# how not to fix 480 temp power



## patejason (Oct 31, 2013)

at the job other day noticed temp power panel feed was fubar. told supervisor it needed to be fixed. this was his solution. asked me to do it. i said kiss my grits. so he found some dip tard that said yes. p.s. the cord is worse down the line. bare copper and burn holes every where


----------



## brian john (Mar 11, 2007)

patejason said:


> View attachment 31701
> 
> 
> at the job other day noticed temp power panel feed was fubar. told supervisor it needed to be fixed. this was his solution. asked me to do it. i said kiss my grits. so he found some dip tard that said yes. p.s. the cord is worse down the line. bare copper and burn holes every where



*WHY! *
Why was a single conductor ran outside an enclosure or conduit?
It is temporary (how long is this temporary to last) 
Was the cable damaged or just the insulation

You do understand how tape works?


----------



## patejason (Oct 31, 2013)

yeah i under stand. it b.s. s.o. cord under sized conductors. unsafe dont care how u see it. right is right say anything u get fired. all about production safety out the window.


----------



## chicken steve (Mar 22, 2011)

Perhaps a short reminder of quick fixes @ the next safety meeting would be appropo? ~CS~


----------



## McClary’s Electrical (Feb 21, 2009)

I would have fired you for insubordination.


----------



## MDShunk (Jan 7, 2007)

patejason said:


> yeah i under stand. it b.s. s.o. cord under sized conductors. unsafe dont care how u see it. right is right say anything u get fired. all about production safety out the window.

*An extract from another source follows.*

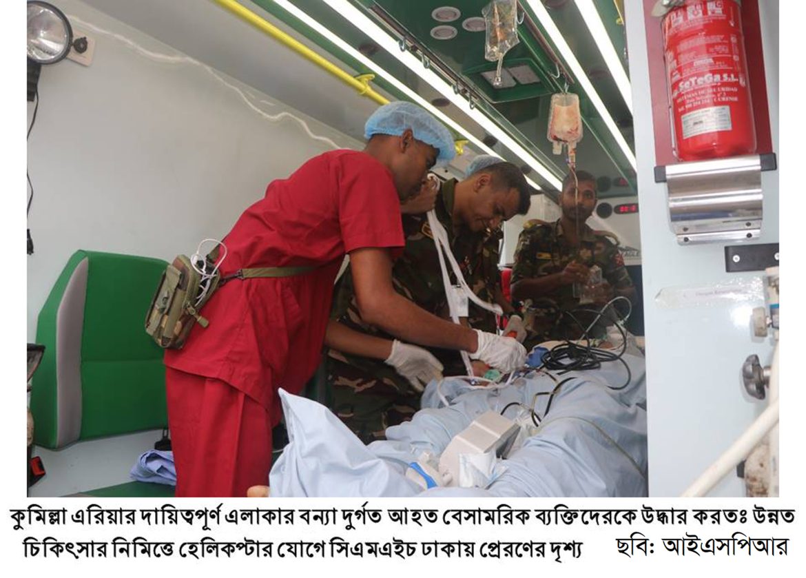 বাংলাদেশ সেনাবাহিনী কর্তৃক বন্যার্তদের উদ্ধার ও ত্রাণ বিতরণ কার্যক্রমের অগ্রগতি প্রতিবেদন ঢাকা, ২৬ আগস্ট ২০২৪ (সোমবার): বন্যা পরিস্থিতি মোকাবিলায় আজ (২৬ আগস্ট ২০২৪) বাংলাদেশ সেনাবাহিনী জল, স্থল ও আকাশ পথে উদ্ধার অভিযান ও ত্রাণ বিতরণ কার্যক্রম পরিচালনা করে। দ্রুততার সাথে উদ্ধার কার্যক্রম পরিচালনা ও ত্রাণ বিতরণের লক্ষ্যে সেনাবাহিনীর আর্মি এভিয়েশন গ্রুপ ১৫ টি হেলিকপ্টার সর্টির মাধ্যমে উদ্ধার ও ত্রাণ বিতরণ কার্যক্রম পরিচালনা করে। উল্লেখ্য, হেলিকপ্টারের মাধ্যমে ১১ জন মুমূর্ষ রোগীকে উদ্ধারপূর্বক হাসপাতালে স্থানান্তর ও ২৪ জন ব্যক্তিকে দুর্যোগপূর্ণ এলাকা হতে নিরাপদ স্থানে স্থানান্তর করা হয়। প্রতিকূল আবহাওয়া সত্ত্বেও ৪,৮৩৯ প্যাকেট ত্রান, ৫০,৪০০ লিটার বিশুদ্ধ পানি, ৫০০ মোবাইল ফোন ও এক লাখ পিস পানি বিশুদ্ধকরণ ট্যাবলেট সিলেট, চট্টগ্রাম,ফেনী সদর, ফাজিলপুর, ছাগলনাইয়া, সোনাগাজী, পরশুরাম ও মধুগ্রাম এলাকায় সেনাবাহিনীর হেলিকপ্টার এর মাধ্যমে বিতরণ করা হয়েছে। দুর্যোগপূর্ণ পরিস্থিতি মোকাবিলায় সেনাবাহিনীর এ কার্যক্রম চলমান থাকবে।

I missed that part where a war widow and her three starving children perished.


----------



## MHElectric (Oct 14, 2011)

For temp power, and an SO cord, tape will do just fine.

Lot of jobs we do, temp power is usually just SE cable running through the building. SO is quite a bit more pricey than that, and it can take a good beating.


----------



## MDShunk (Jan 7, 2007)

If jason gets this worked up over a compliant repair of rubber temp cord, he'd probably have a coronary if he had an actual problem to deal with.


----------



## Celtic (Nov 19, 2007)

patejason said:


> this was his solution.


What is yours?


----------



## BBQ (Nov 16, 2010)

patejason said:


> View attachment 31701
> 
> 
> at the job other day noticed temp power panel feed was fubar. told supervisor it needed to be fixed. this was his solution. asked me to do it. i said kiss my grits. so he found some dip tard that said yes. p.s. the cord is worse down the line. bare copper and burn holes every where


You may want to take some training, OSHA allows tape to be used to repair rubber cord.


----------



## brian john (Mar 11, 2007)

BBQ said:


> You may want to take some training, OSHA allows tape to be used to repair rubber cord.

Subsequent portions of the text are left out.